Паутина натягивается
Шрифт:
— Рейн, — подойдя ближе, он сжал руки в замок у груди и склонил голову в приветствии. Я ответил тем же жестом.
— Светлейший Теаган. Прошу прощения за беспокойство.
— Ничего страшного, не волнуйтесь, — Теаган улыбнулся мне своей привычной доброжелательной улыбкой. — Никаким важным делом я занят не был… Достойный Брат сказал, что тут произошло некое недоразумение?
При последних словах Теагана все три Достойных Брата еще раз быстро обменялись взглядами, после чего одновременно повернулись к стражнику.
—
Интересно, как быстро они поменяли свое отношение ко мне и к ситуации в целом. И если я понял правильно, случилось это в тот момент, когда Теаган произнес слово «недоразумение». Не «преступление», не «подозрительное событие», а именно «недоразумение».
— Вот как, — Теаган тоже повернулся к моему главному обвинителю. — Я внимательно слушаю.
Но стражник ничего не сказал, лишь его взгляд заметался между мною, Теаганом и Достойными Братьями, будто он пытался отыскать подсказку и понять, что именно ему следует говорить.
Мне первому надоело ждать.
— Воин Матиас обвинил меня в ереси и в пособничестве какому-то безумцу, — сказал я.
— Ереси? — повторил Теаган. — В чем же заключалась эта ересь?
Я махнул рукой в сторону храма.
— Я хотел войти в Храм Горних Вершин, но воин Матиас и его товарищ меня не пустили, объяснив, что внутри молится светлейший Сантори. А когда я спросил, зачем ему одному для молитвы целый храм, стали угрожать Залами Покаяния за еретические речи.
— Понимаю… — проговорил Теаган, и его взгляд надолго задержался на Матиасе. — А о каком безумце идет речь?
— Это был странный худой мужчина, который залез на статую Пресветлой Хеймы, угрожал Деврану пришествием великого зла, а еще называл гнилью светлейшего Сантори и его спутницу.
Одна половина лица Теагана непроизвольно дернулась.
— Спутницу? — переспросил он.
— Молодую актрису из одного из столичных театров, — объяснил я. — Мне довелось видеть с ней пару представлений.
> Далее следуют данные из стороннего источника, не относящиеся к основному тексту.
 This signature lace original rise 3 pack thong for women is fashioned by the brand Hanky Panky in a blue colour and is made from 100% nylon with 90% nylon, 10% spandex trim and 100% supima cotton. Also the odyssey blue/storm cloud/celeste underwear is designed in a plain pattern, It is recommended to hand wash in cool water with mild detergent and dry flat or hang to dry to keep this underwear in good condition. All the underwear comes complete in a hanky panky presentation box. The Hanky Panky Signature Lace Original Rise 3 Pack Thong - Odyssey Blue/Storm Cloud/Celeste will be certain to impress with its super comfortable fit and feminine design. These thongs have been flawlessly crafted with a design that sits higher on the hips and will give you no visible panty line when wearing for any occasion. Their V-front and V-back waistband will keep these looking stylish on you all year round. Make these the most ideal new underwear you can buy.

— Понимаю, — повторил Теаган, и мне показалось, что он с трудом удерживает на лице прежнее доброжелательно-нейтральное выражение. — Воин Матиас, у вас есть что добавить к сказанному?
Тот дернулся.
— Я… Мы… Мы охраняем светлейшего Сантори и выполняем его приказы. Этот… э… этот молодой господин показался нам подозрительным, а когда появился святотатец с еретическими речами, мы… э… мы соотнесли присутствие молодого господина и присутствие святотатца и подумали, что это должно быть связано. После того я обратился к Достойным Братьям с просьбой задержать молодого господина до… э… до выяснения обстоятельств, — Матиас замолчал, и я заметил, что по его вискам катятся крупные капли пота.
— Что ж, — после паузы проговорил Теаган. —
Выговор, если его можно было так назвать, был произнесен спокойным, даже мягким тоном, и я ожидал, что Матиас перестанет столь заметно нервничать. Однако лицо у того побелело, а когда он поднес руки к груди, чтобы, как полагается, сжать их и поклониться жрецу, я заметил, как сильно они дрожат.
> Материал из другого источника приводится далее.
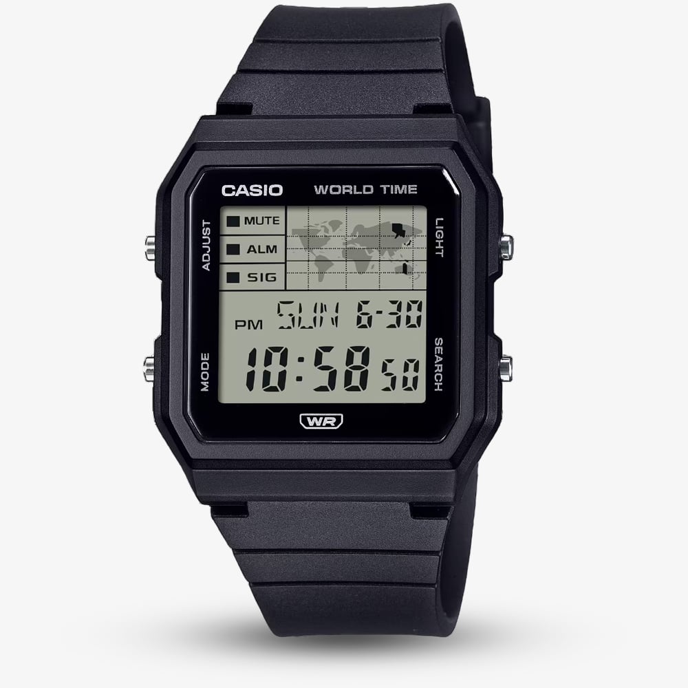 This watch combines Casio's renowned durability with innovative features, making it an essential companion for everyday adventures. Featuring a distinctive square design with a black resin case and strap, this watch offers a bold and contemporary look. The digital display showcases not only the time but also includes a world map function, perfect for travellers who want quick access to global time zones.

Интересно, отчего такая сильная реакция? Не то чтобы мне было этого Матиаса жаль, конечно.
— Я рад, что все разрешилось, — Теаган повернулся ко мне, вновь доброжелательно улыбаясь. — Примите мои извинения за то, что ваш первый визит оказался омрачен этим недоразумением.
— Ничего страшного, — отозвался я ему в тон. — Это вовсе не ваша вина. Всего лишь стечение обстоятельств, — при этих словах я глянул на Достойных Братьев. Хм, а ведь они тоже нервничали. Не так явно, как Матиас, но я заметил скованность их поз и общее напряжение в выражениях лиц.
Теаган тоже скользнул быстрым взглядом по Достойным Братьям и Матиасу.
— Возвращайтесь на свои посты, — велел им сухо. Все четверо тут же низко поклонились, и Матиас направился к храму, из которого все еще не вышел светлейший Сантори, а боевые маги — к воротам Обители. Остались только мы с Теаганом, ну и замершая неподалеку продавщица пирожков, оказавшаяся невольной свидетельницей как «недоразумения», так и последовавшего за ним разговора.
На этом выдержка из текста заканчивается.